Vingt Dieux: “a breath of fresh air on French cinema”
Youth Prize at Cannes before winning loads of other awards, this first feature film breathes a breath of fresh air into French cinema. That of the Jura, with its wide open spaces filmed like western landscapes and its Franche-Comté accent which anchors the film in the reality of a region that the young director knows well having grown up there. The characters and the plot are inspired by people who have always surrounded her.
The actors are all non-professionals recruited on site through a long casting process in schools, farms and comics. Which brings a documentary aspect to a film which remains a fiction.
The right balance
The story of Totone, a young man more eager to drink beers with his friends than to help his father on the farm, who will have to learn to manage on his own and take care of his little sister.
His bright idea to earn money: create a county with which he will win thirty thousand euros in the agricultural competition. He still has to learn how to make cheese with his friends and a young farmer whom he will seduce. The filmmaker finds the right balance between the adventures worthy of Nickel-plated Feet (how to get the best milk) and the twists and turns of the learning story.
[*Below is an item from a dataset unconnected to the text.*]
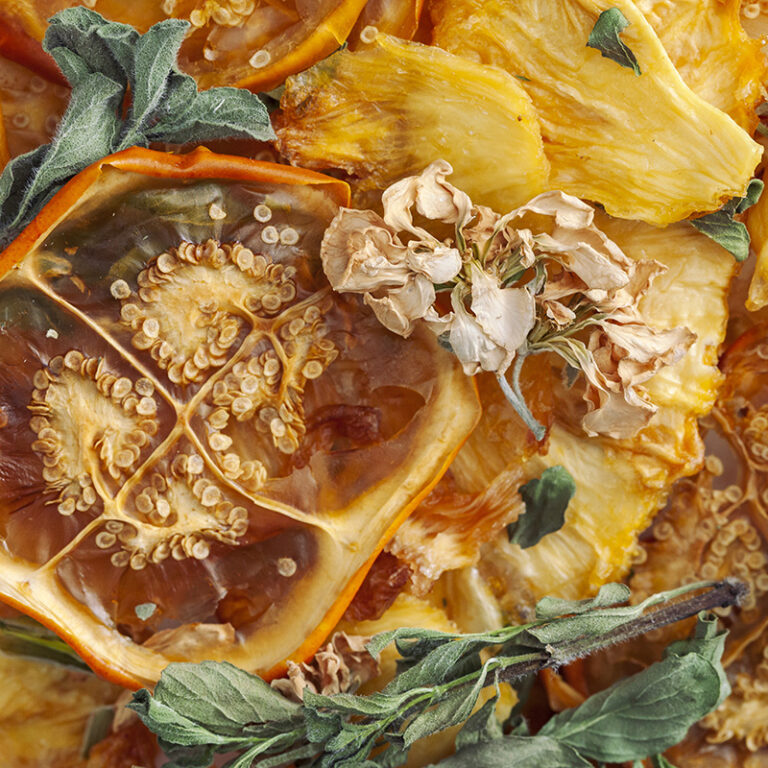 Nuestra serie botánica es un viaje sensorial donde se entrelazan los ingredientes más poderosos y diversos. Capturamos el espíritu vibrante de flores, la profundidad de hierbas aromáticas milenarias y la explosión vital de frutas deshidratadas.

Far from any folklore, Louise Courvoisier allocates finesse and complexity to each piece to give substance to this beautiful energy which is transmitted to the viewer.
A first feature film for Louise Courvoisier
She developed a taste for cinema while following an option in high school, before going to study at the CinéFabrique in Lyon. His short film Hand by handlocated in the circus world, was awarded an award at Cannes in 2019.
Pour Twenty Godsher first fiction feature film, which she shot in her native village in the Jura, she called on young talents also from CinéFabrique for the script and image. His mother and brother composed the music.
Twenty Godswith Clément Faveau, Luna Garret. In theaters December 11.